EXERCISE DATA section start

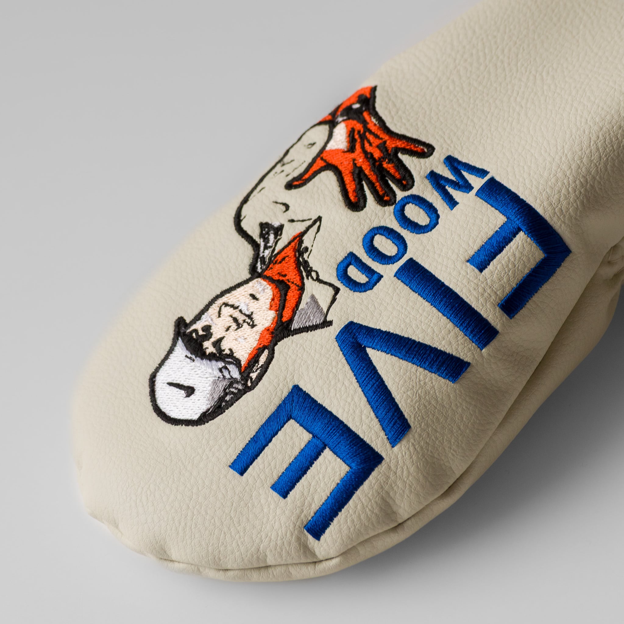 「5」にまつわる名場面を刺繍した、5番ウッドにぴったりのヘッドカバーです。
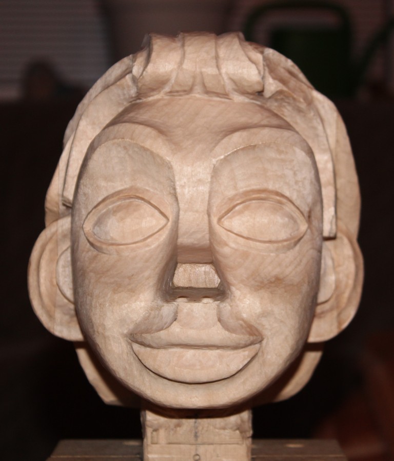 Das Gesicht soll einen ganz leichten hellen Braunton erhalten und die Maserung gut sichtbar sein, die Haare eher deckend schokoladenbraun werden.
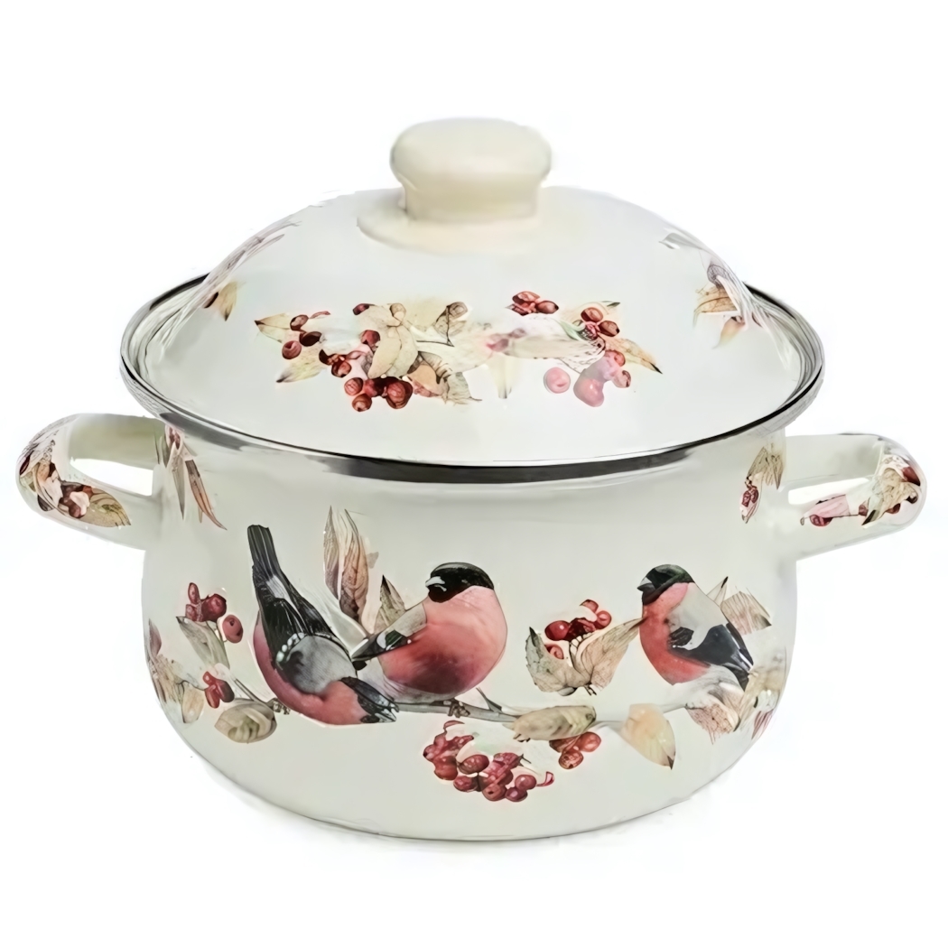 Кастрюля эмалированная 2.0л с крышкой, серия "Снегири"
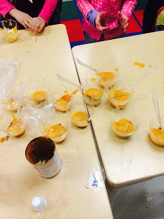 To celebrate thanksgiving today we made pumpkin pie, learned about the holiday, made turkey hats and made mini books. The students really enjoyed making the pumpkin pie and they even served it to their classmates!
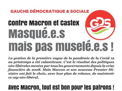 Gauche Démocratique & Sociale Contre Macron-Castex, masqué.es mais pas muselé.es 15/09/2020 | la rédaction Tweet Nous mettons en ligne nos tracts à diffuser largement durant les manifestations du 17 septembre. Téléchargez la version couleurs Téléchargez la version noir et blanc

EXERCISE DATA section end
EXERCISE DATA section start

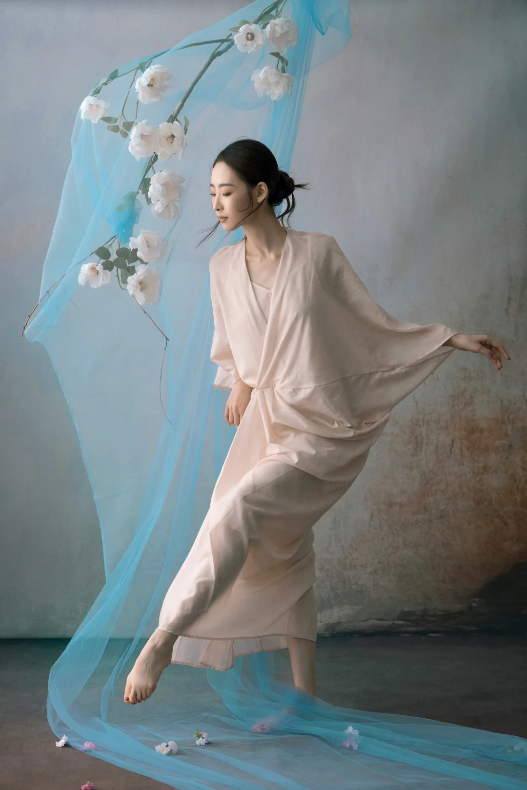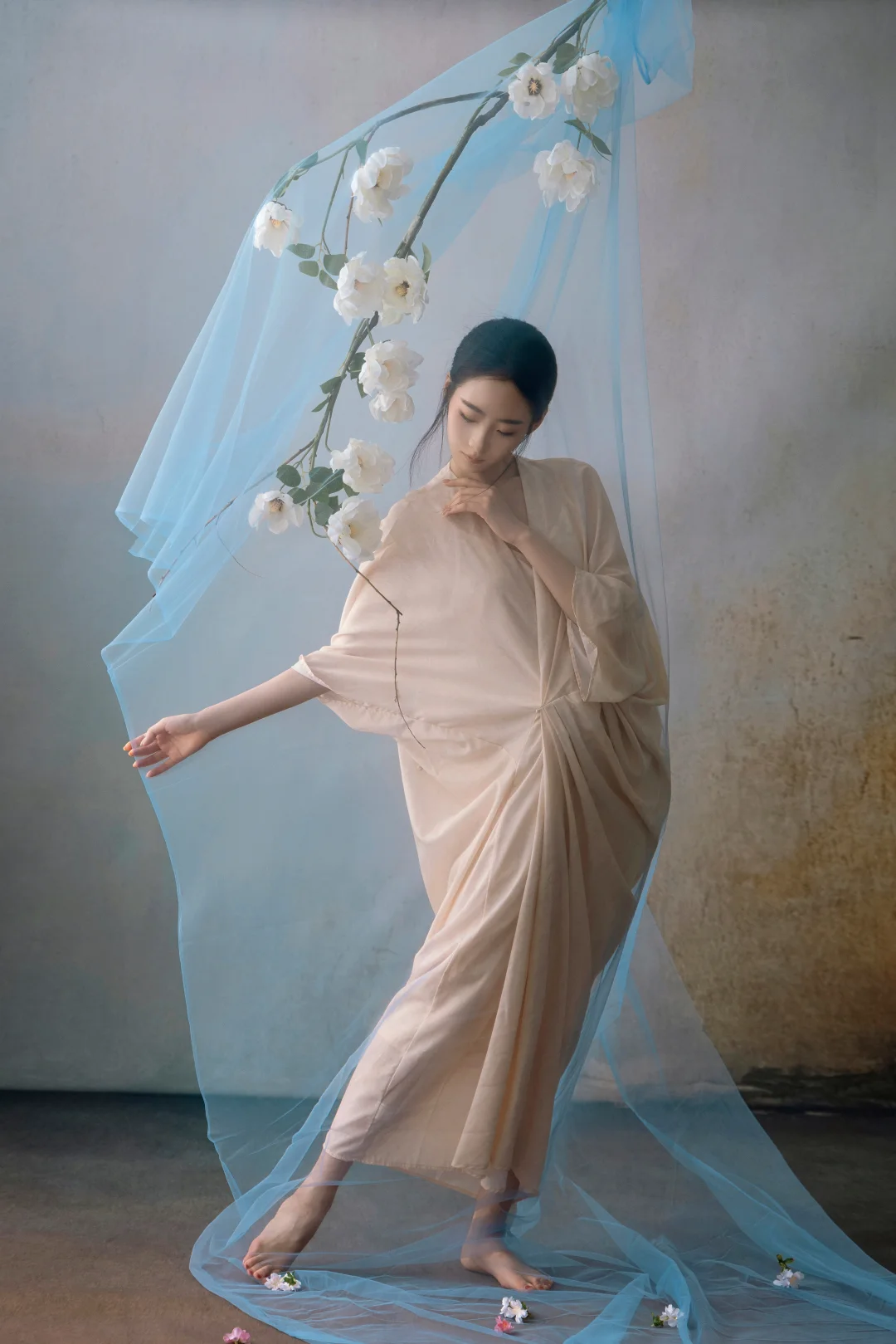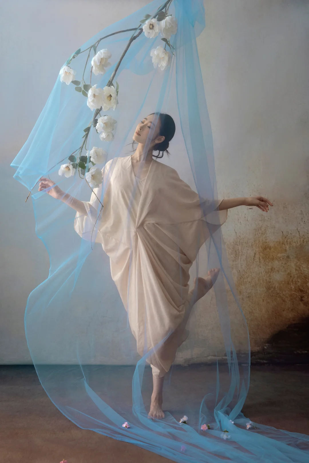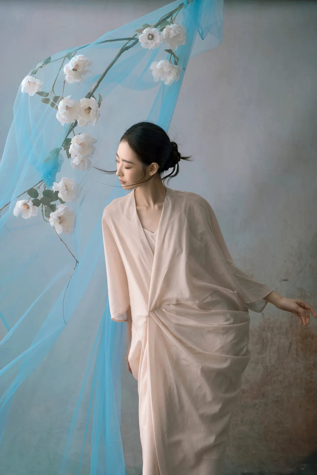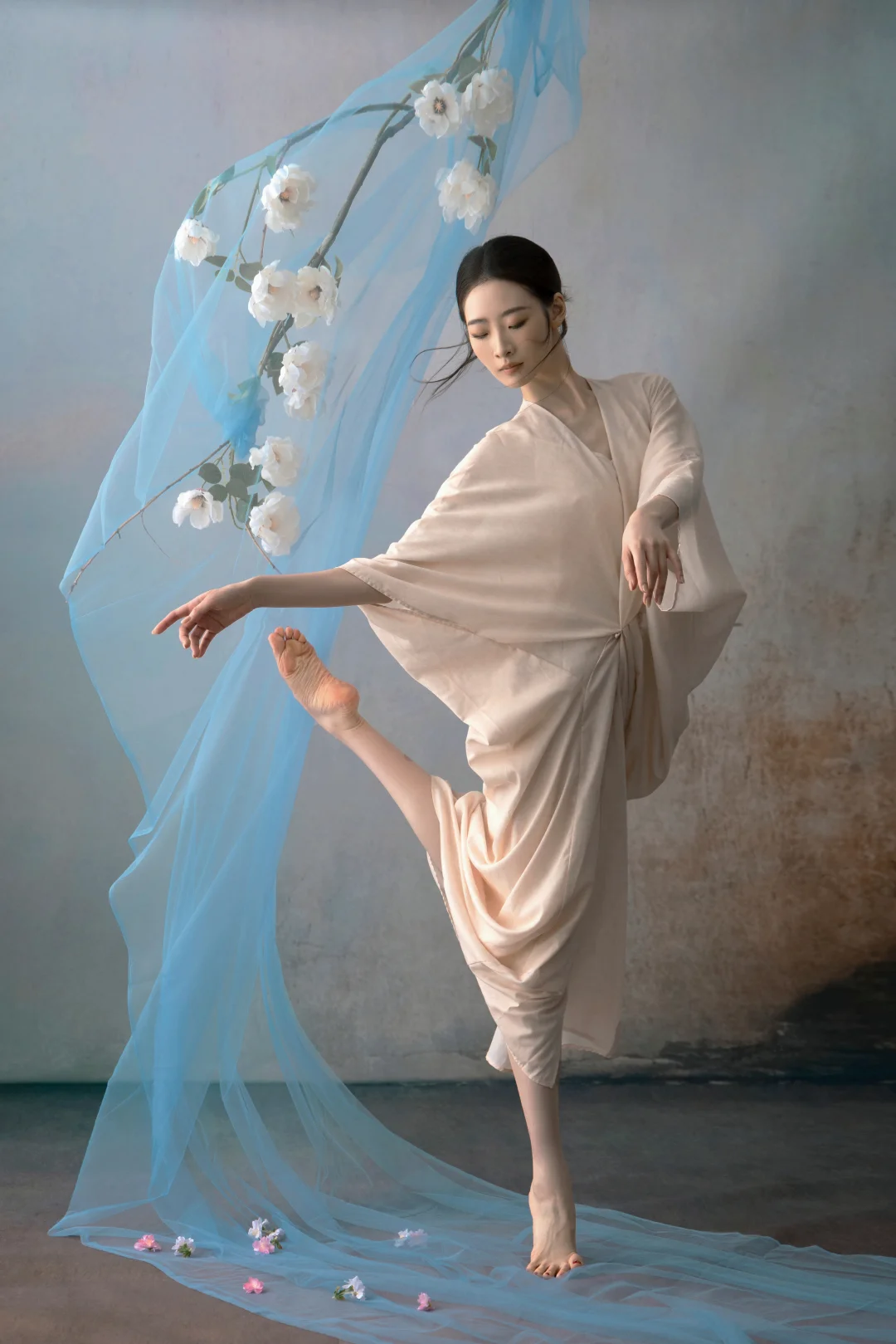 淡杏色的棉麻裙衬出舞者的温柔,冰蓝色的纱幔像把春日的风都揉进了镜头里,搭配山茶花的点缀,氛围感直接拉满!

EXERCISE DATA section end

- [YOUR GOAL]
Within the material above, only the stretch from the line holding "Das Gesicht soll" through the line holding "To celebrate thanksgiving" is to be restated exactly. Pictures are dropped.

- [EXPECTED ANSWER]
 Das Gesicht soll einen ganz leichten hellen Braunton erhalten und die Maserung gut sichtbar sein, die Haare eher deckend schokoladenbraun werden.
 Кастрюля эмалированная 2.0л с крышкой, серия "Снегири"
 To celebrate thanksgiving today we made pumpkin pie, learned about the holiday, made turkey hats and made mini books. The students really enjoyed making the pumpkin pie and they even served it to their classmates!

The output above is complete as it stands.